**MATERIAL FOR THIS TASK**
----------

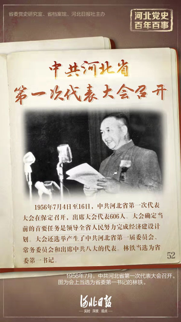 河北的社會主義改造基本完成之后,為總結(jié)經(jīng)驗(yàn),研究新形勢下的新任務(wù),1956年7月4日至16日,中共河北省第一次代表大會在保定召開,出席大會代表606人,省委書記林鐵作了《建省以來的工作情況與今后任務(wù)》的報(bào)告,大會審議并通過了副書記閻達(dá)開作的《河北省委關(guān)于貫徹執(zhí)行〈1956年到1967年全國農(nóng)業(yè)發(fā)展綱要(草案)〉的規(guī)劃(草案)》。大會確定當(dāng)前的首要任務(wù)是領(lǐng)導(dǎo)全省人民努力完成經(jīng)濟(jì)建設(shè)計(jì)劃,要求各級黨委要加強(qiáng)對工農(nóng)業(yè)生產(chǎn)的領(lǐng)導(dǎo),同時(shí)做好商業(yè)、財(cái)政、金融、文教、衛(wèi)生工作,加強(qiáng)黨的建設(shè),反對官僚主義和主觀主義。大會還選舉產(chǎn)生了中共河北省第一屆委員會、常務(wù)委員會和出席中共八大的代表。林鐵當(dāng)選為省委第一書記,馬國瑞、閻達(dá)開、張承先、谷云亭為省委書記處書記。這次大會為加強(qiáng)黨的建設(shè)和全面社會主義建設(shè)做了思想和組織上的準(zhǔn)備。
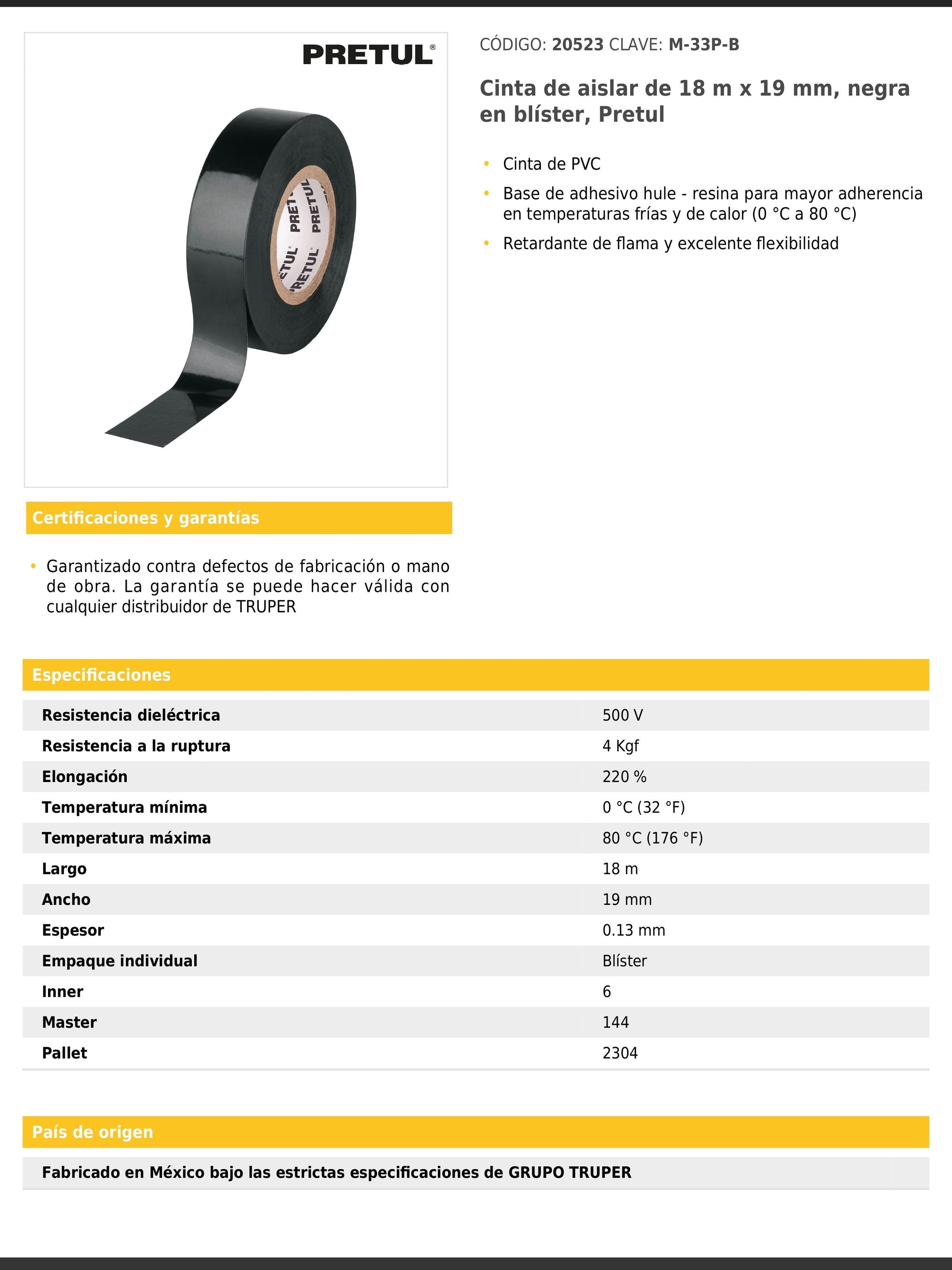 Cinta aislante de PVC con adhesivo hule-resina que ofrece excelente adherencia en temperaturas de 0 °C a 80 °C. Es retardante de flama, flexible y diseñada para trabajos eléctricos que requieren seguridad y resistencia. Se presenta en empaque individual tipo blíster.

----------

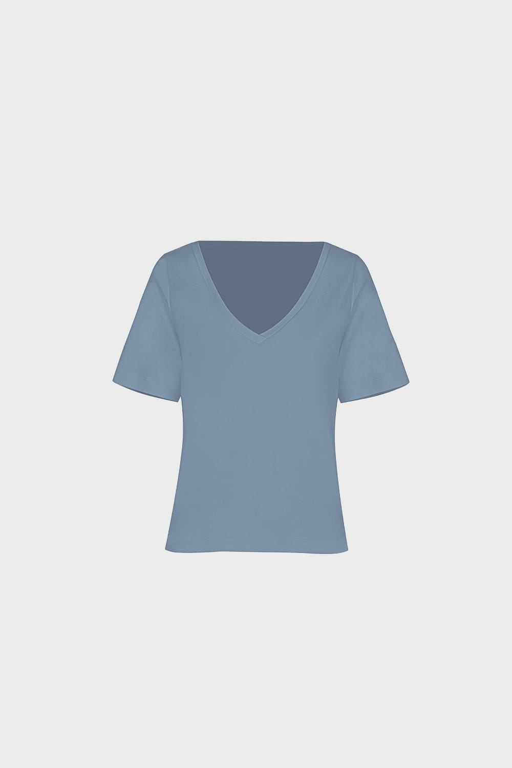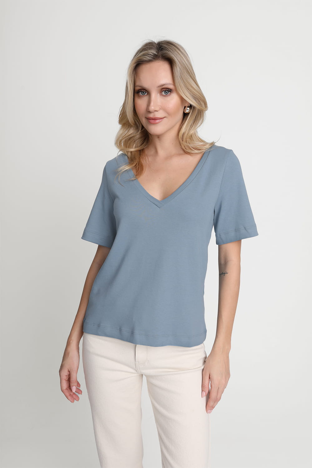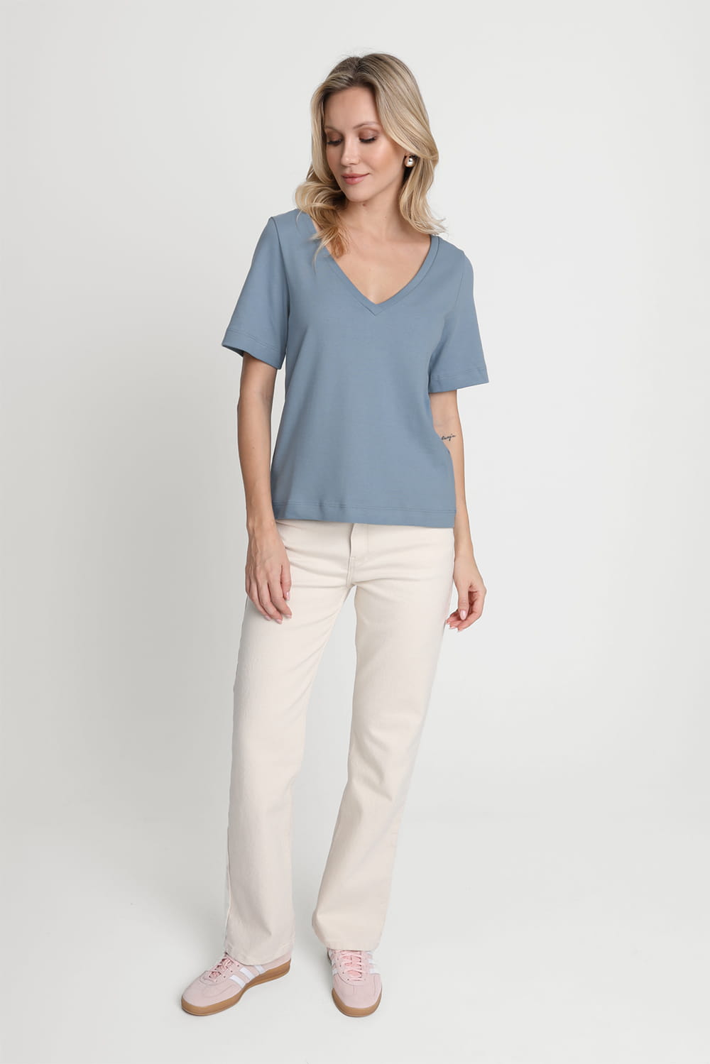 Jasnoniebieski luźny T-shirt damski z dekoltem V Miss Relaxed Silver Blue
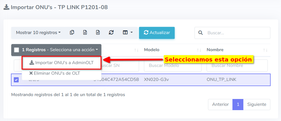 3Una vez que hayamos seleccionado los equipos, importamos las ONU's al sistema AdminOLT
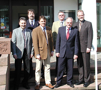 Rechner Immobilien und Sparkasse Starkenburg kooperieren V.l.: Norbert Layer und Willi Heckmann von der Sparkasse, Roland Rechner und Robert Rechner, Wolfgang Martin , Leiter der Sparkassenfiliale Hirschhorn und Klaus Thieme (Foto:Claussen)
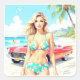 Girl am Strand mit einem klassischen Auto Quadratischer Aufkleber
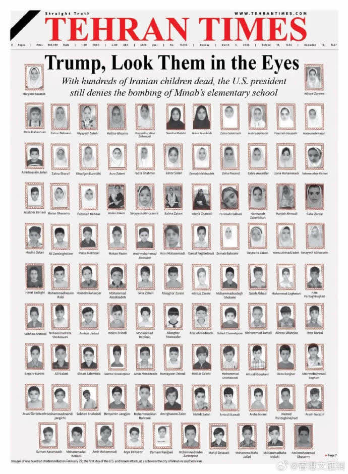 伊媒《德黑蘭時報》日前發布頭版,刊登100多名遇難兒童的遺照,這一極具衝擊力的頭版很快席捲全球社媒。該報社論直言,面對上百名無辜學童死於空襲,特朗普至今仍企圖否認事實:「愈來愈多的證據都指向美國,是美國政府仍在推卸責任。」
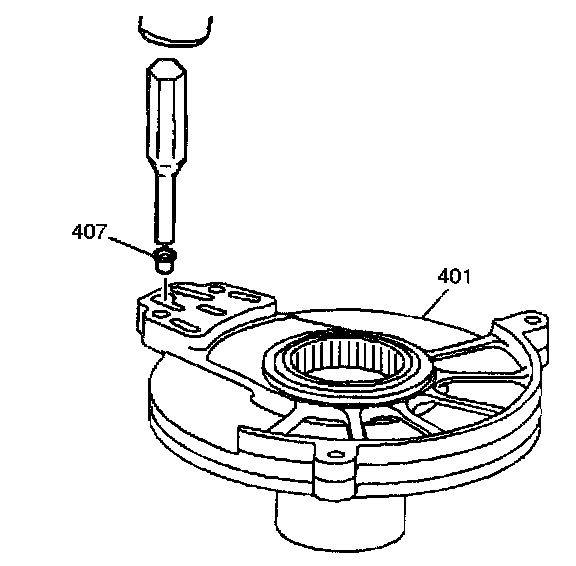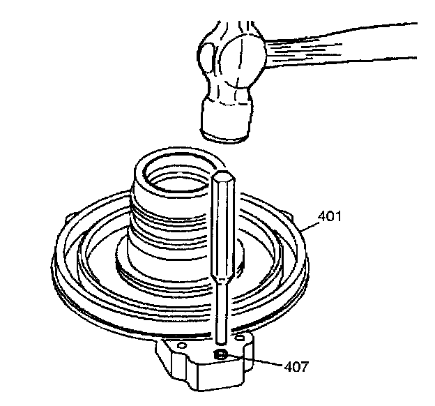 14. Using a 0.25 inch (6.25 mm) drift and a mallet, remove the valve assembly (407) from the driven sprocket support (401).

----------

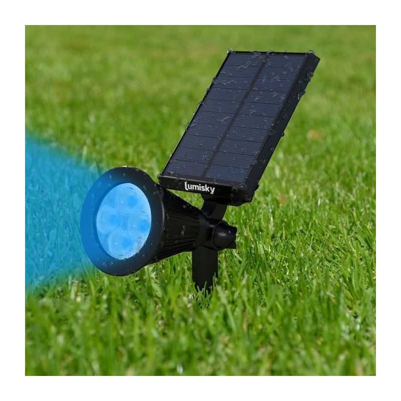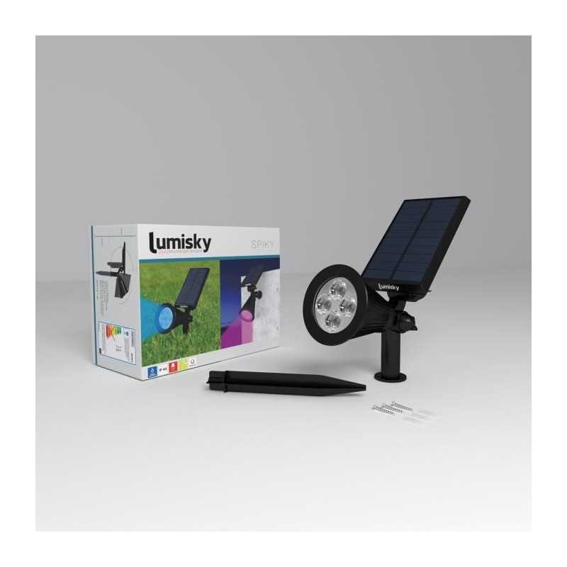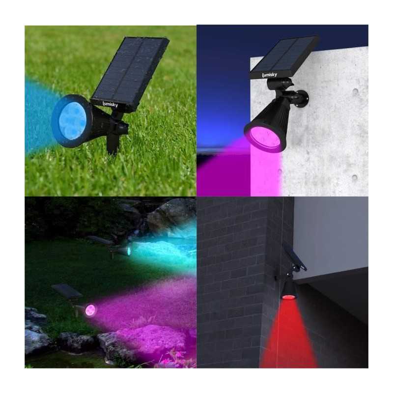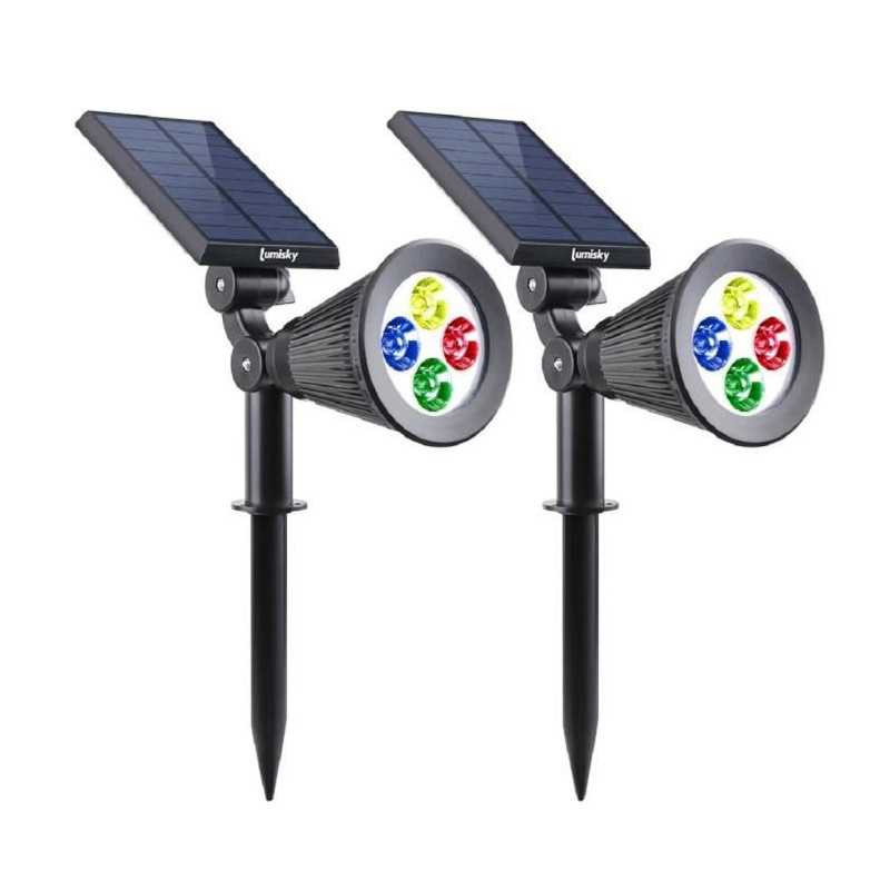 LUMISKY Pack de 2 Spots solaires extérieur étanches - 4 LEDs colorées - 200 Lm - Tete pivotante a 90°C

----------

**INSTRUCTIONS FOR THE TASK**
From the listing above, repeat only the lines between the line containing "Rechner Immobilien und" and the line containing "Girl am Strand", those two included. Pictures are not part of the copy.

**FINISHED EXERCISE**
 Rechner Immobilien und Sparkasse Starkenburg kooperieren V.l.: Norbert Layer und Willi Heckmann von der Sparkasse, Roland Rechner und Robert Rechner, Wolfgang Martin , Leiter der Sparkassenfiliale Hirschhorn und Klaus Thieme (Foto:Claussen)
 Girl am Strand mit einem klassischen Auto Quadratischer Aufkleber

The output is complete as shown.